Но сегодня он уже не мог так поступить, не мог сказать Жану, что не считает его сыном их отца. Теперь надо было таить, хоронить в себе обнаруженный им позор, прятать от всех замеченное пятно, чтобы никто не узнал о нем, даже и брат — в особенности брат.
Теперь его уже не тревожила суетная забота о том, что скажут люди. Пусть хоть все на свете обвиняют его мать, лишь бы он был убежден в ее невиновности, один он. Как теперь жить рядом с ней изо дня в день и думать, глядя на нее, что она зачала брата в объятьях чужого человека?

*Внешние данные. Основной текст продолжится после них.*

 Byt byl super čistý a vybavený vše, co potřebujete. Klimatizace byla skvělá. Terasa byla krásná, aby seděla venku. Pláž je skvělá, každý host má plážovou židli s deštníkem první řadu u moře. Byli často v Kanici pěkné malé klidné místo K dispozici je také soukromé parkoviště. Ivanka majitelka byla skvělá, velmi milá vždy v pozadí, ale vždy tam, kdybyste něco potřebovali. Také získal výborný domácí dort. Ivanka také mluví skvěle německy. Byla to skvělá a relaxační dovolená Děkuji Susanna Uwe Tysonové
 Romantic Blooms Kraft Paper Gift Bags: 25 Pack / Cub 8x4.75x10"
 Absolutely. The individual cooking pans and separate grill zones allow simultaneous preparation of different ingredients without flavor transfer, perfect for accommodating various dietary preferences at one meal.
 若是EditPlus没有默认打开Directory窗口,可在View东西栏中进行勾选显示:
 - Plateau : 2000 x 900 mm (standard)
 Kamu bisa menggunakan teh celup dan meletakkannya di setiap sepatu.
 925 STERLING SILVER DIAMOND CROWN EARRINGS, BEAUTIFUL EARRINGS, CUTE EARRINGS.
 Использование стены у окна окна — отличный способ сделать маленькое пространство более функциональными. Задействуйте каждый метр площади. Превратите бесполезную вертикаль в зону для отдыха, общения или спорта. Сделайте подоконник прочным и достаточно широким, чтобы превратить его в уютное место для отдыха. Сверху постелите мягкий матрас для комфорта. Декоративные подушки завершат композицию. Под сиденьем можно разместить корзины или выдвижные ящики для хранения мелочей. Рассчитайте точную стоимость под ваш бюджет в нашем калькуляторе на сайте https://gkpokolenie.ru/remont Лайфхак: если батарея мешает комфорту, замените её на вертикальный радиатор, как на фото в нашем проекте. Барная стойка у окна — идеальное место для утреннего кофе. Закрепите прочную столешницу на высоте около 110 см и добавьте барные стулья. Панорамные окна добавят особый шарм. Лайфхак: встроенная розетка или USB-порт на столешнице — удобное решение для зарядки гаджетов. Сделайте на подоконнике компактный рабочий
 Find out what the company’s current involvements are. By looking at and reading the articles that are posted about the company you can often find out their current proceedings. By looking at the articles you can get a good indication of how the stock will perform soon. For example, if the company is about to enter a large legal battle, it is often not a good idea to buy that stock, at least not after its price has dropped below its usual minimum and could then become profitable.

Но она была так спокойна и невозмутима, так уверена в себе! Возможно ли, чтобы женщина, подобная его матери, чистая сердцем и прямодушная, могла пасть, увлеченная страстью, а впоследствии ничем не выдать своего раскаяния, укоров нечистой совести?
Ах, раскаяние, раскаяние! Когда-то, в первое время, оно, должно быть, жестоко терзало ее, но потом это прошло, как все проходит. Конечно, она оплакивала свое падение, но мало-помалу почти забыла о нем. Не обладают ли все женщины, решительно все, этой необычайной способностью забвения, так что спустя несколько лет они едва узнают того, кто прижимался устами к их устам и осыпал поцелуями их тело? Поцелуй разит, точно молния, страсть проносится грозой, потом жизнь, как и небо, снова безоблачна, и все идет по-прежнему. Разве вспоминают о туче?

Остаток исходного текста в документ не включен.